The major phycoerythrins of marine unicellular cyanobacteria Synechococcus spp. and those of red algae are isolated as stable complexes with the composition (alpha beta)6 gamma. The gamma subunits carry bilins and in this respect are unique among phycobilisome rod linker polypeptides. There has been no complete amino acid sequence data on any gamma subunit. Synechococcus sp. WH8020 phycoerythrin II (PE II) gamma subunit was isolated from purified PE II hexamers. Partial amino acid sequence determination showed that the gamma subunit was encoded by the mpeC gene, an open reading frame 275 base pairs 3' of mpeA and mpeB, which encode the alpha and beta subunits of PE II, respectively (Wilbanks, S. M., and Glazer, A. N. (1993) J. Biol. Chem. 268, 1226-1235). A single phycourobilin is attached through a thioether bond to gamma-Cys-49. Derivatization with 4-vinylpyridine showed that the only other cysteinyl residue, gamma-Cys-64, is unsubstituted.
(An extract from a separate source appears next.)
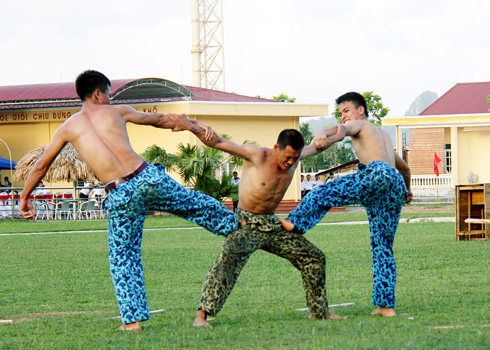 Tại thao trường đặc công khô, các chiến sĩ Trung đội 2, Đại đội 3, Tiểu đoàn 1 đang luyện tập kỹ thuật vận động qua các loại địa hình, như hàng rào dây thép gai, lá khô, cỏ rậm… Có động tác tập luyện làm tôi hồi hộp, thót tim. Theo dõi tổ 3 người nối tiếp nhau, trườn qua một hàng rào dây thép gai bùng nhùng đan sát vào nhau, phía dưới toàn sỏi đá và mìn cài cắm của địch (giả định). Những động tác bò, trườn điêu luyện, chuẩn xác từng li, đến độ đứng bên cạnh không nghe thấy tiếng động, cộng với cách ngụy trang bôi chát trên người và bộ quần áo rằn ri cộc hoà vào cỏ cây nên chẳng mấy chốc những quả mìn cài cắm của “địch” đã được tháo gỡ, tổ chiến đấu tiếp cận mục tiêu, hoàn thành bài tập.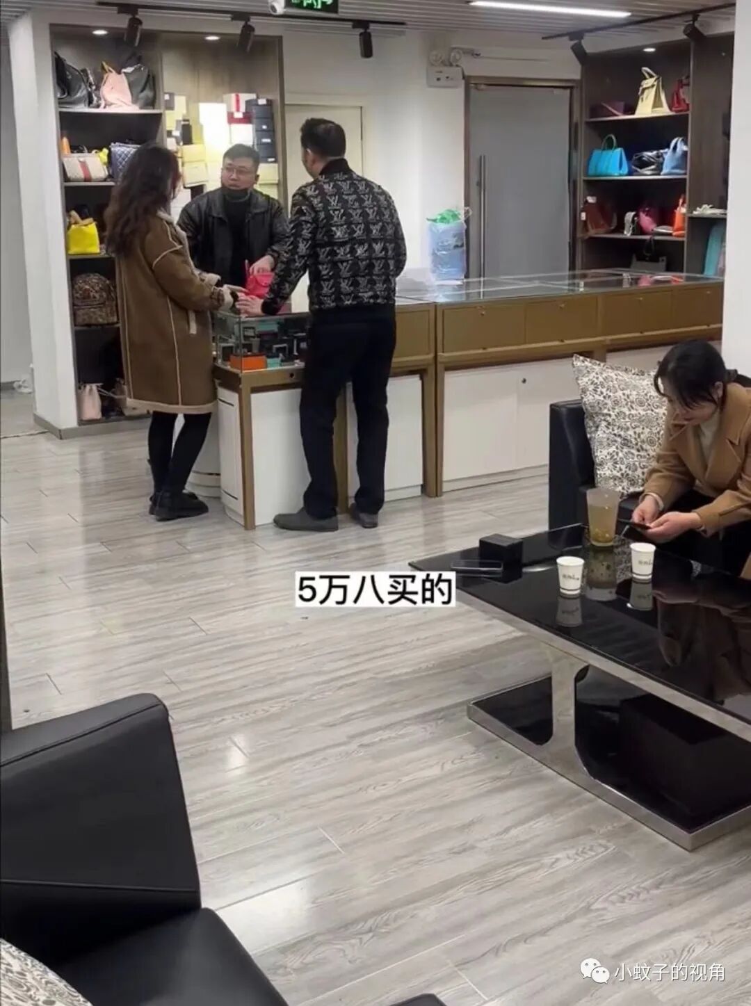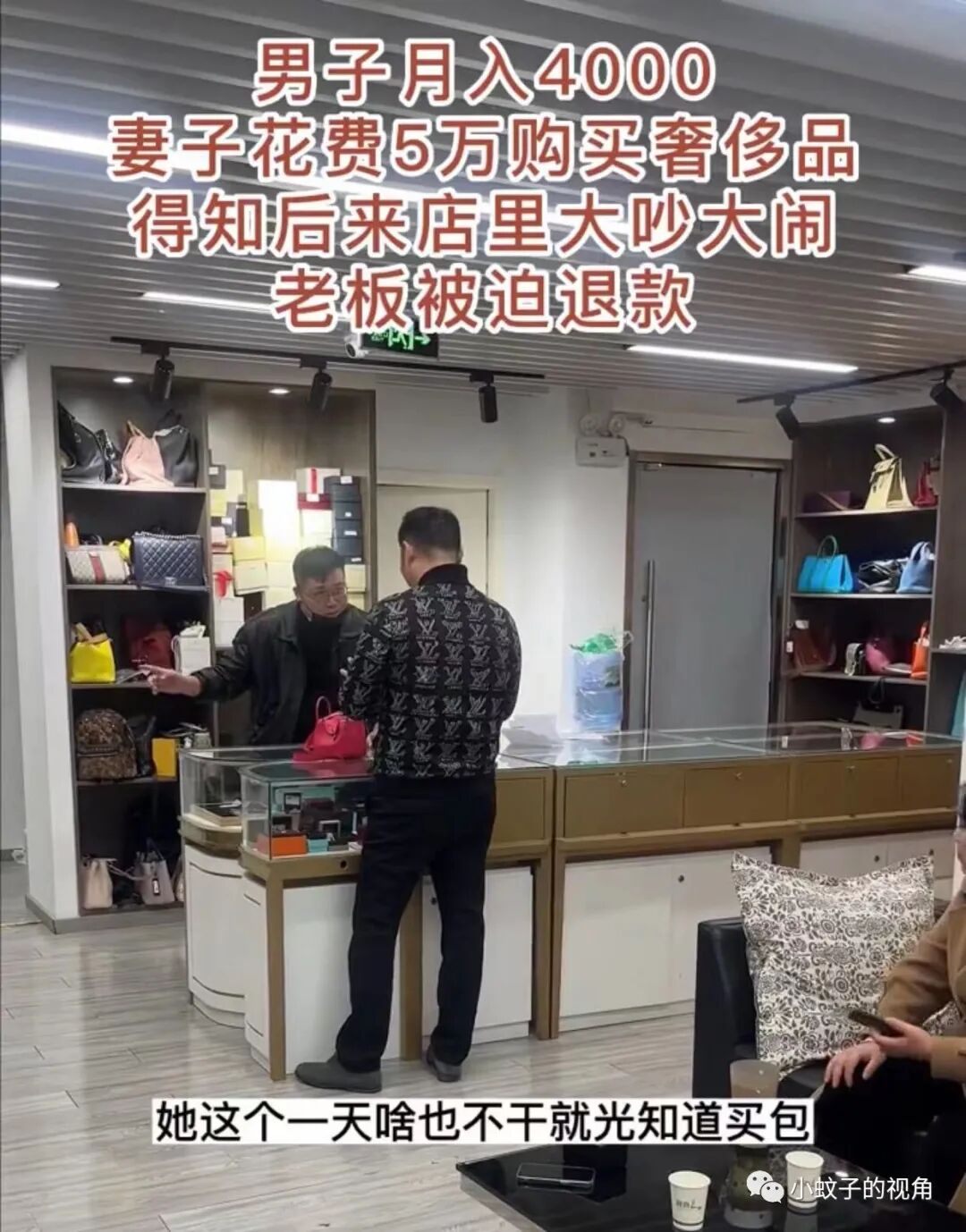 说完,妻子转身离开,男人跟店员交涉:“我工资只有4000块一个月,她一天啥也不干,就知道买包,这日子怎么过?退掉。”

MpeC encodes a polypeptide of 293 residues with a predicted molecular weight of 32,100 and a pI of 8.9. These properties are like those of non-bilin-bearing linker polypeptides associated with C-phycoerythrin and hence the gamma subunit is designated gamma (LR32). Alignment of the sequence of the PE II-gamma with those of the latter polypeptides shows that PE II-gamma has a 49-residue extension at the N terminus, that encompasses the phycourobilin attachment site, and is shorter by a similar number of residues at the C terminus. These differences in linker polypeptide structure offer a possible explanation for the observed much higher stability of PE II hexamers relative to those of C-phycoerythrins.